**TASK GOAL:**
With the images removed, repeat the data below exactly.

---------- DATA EXTRACT

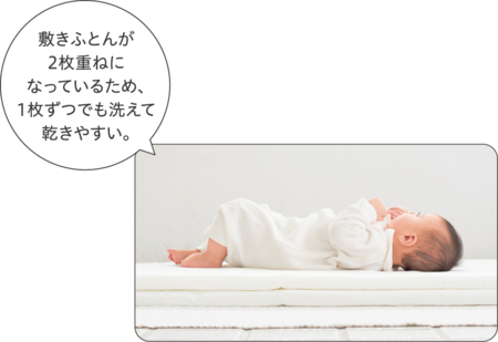 お洗たくの手間を軽減する防水キルトパッド入り。
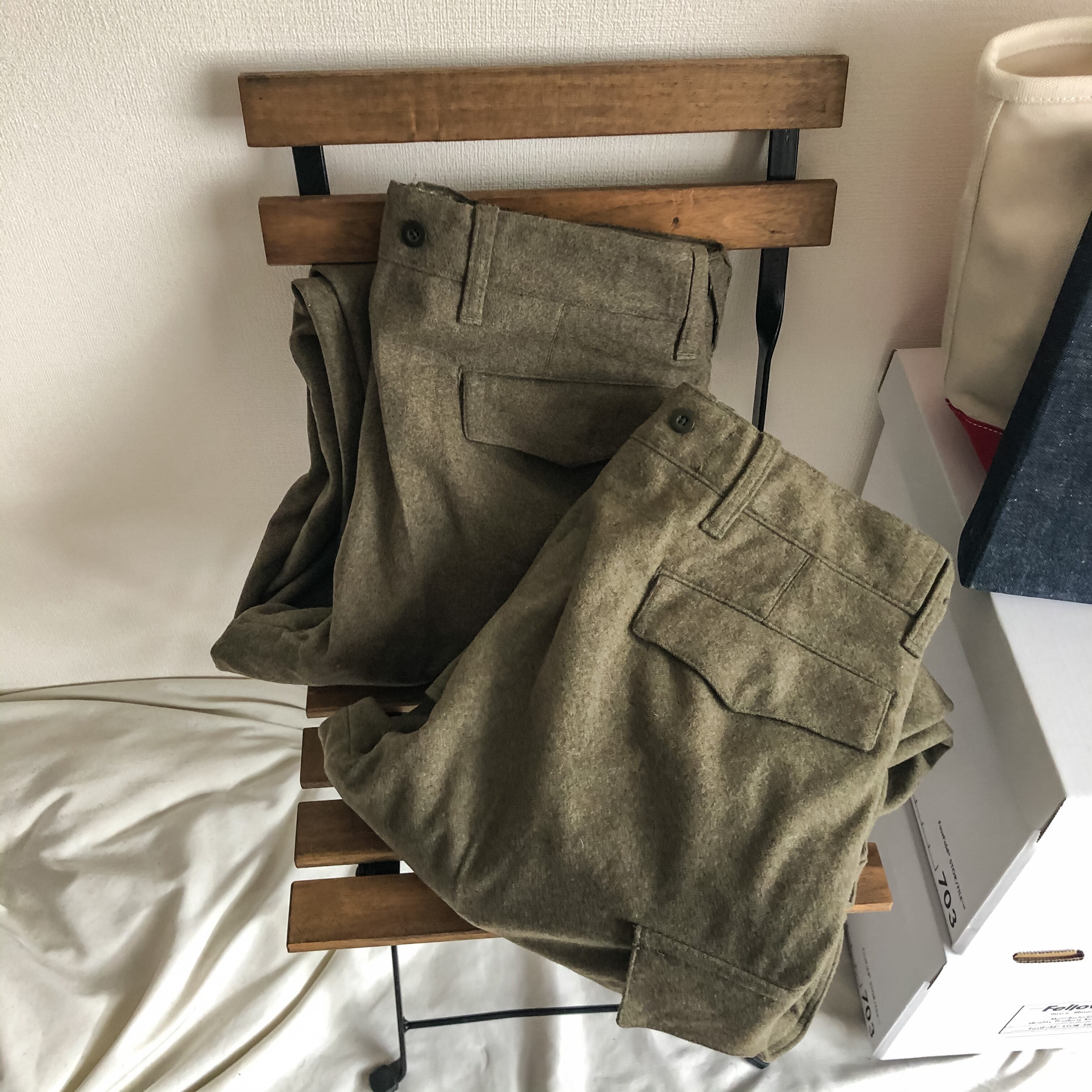 特徴 :ヴィンテージ市場にあまり出てこない希少なドイツ軍K.BEGEMANNウールパンツ。
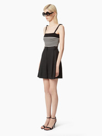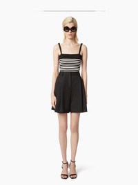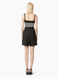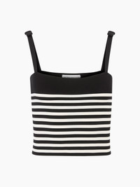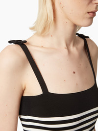 Crafted in black knit, this tank top features ecru stripes and bows on the straps, two emblematic symbols of the Maison Nina Ricci. COMPOSITION & DETAILS - 100% viscose. - Slim fit. - Square neckline. - Contrasting stripes. - Knots on straps. - Model is 181 cm tall and wears size S. - Ref : 25PMPU001ML0574U1335”
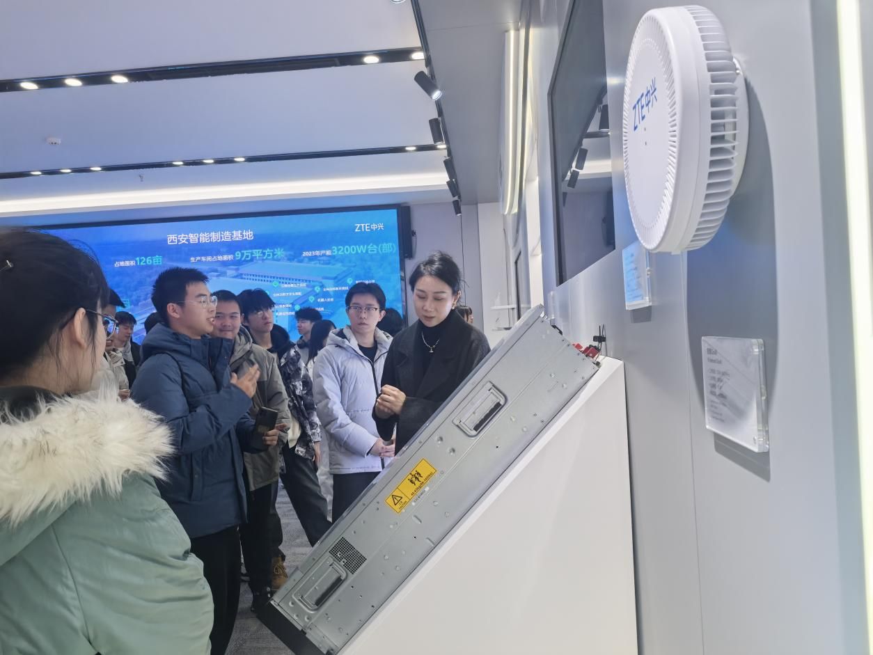 跟随者公司讲解员的脚步,师生们有序进入企业展示厅,在这里详细了解了企业的发展历程、企业文化以及科技成果。在产品体验馆,同学们了解并体验了手机、路由器、智慧屏等智能终端设备,通过亲自体验,同学们更深切的体会了科技带给人们的便捷。随后,同学们走进了中兴通讯的生产制造车间和测试车间,见证了一部手机诞生的整个流程,现场的5G全流程工业产线给同学们留下了深刻的印象。

--------------------

**RESPONSE BOX:**
 お洗たくの手間を軽減する防水キルトパッド入り。
 特徴 :ヴィンテージ市場にあまり出てこない希少なドイツ軍K.BEGEMANNウールパンツ。
 Crafted in black knit, this tank top features ecru stripes and bows on the straps, two emblematic symbols of the Maison Nina Ricci. COMPOSITION & DETAILS - 100% viscose. - Slim fit. - Square neckline. - Contrasting stripes. - Knots on straps. - Model is 181 cm tall and wears size S. - Ref : 25PMPU001ML0574U1335”
 跟随者公司讲解员的脚步,师生们有序进入企业展示厅,在这里详细了解了企业的发展历程、企业文化以及科技成果。在产品体验馆,同学们了解并体验了手机、路由器、智慧屏等智能终端设备,通过亲自体验,同学们更深切的体会了科技带给人们的便捷。随后,同学们走进了中兴通讯的生产制造车间和测试车间,见证了一部手机诞生的整个流程,现场的5G全流程工业产线给同学们留下了深刻的印象。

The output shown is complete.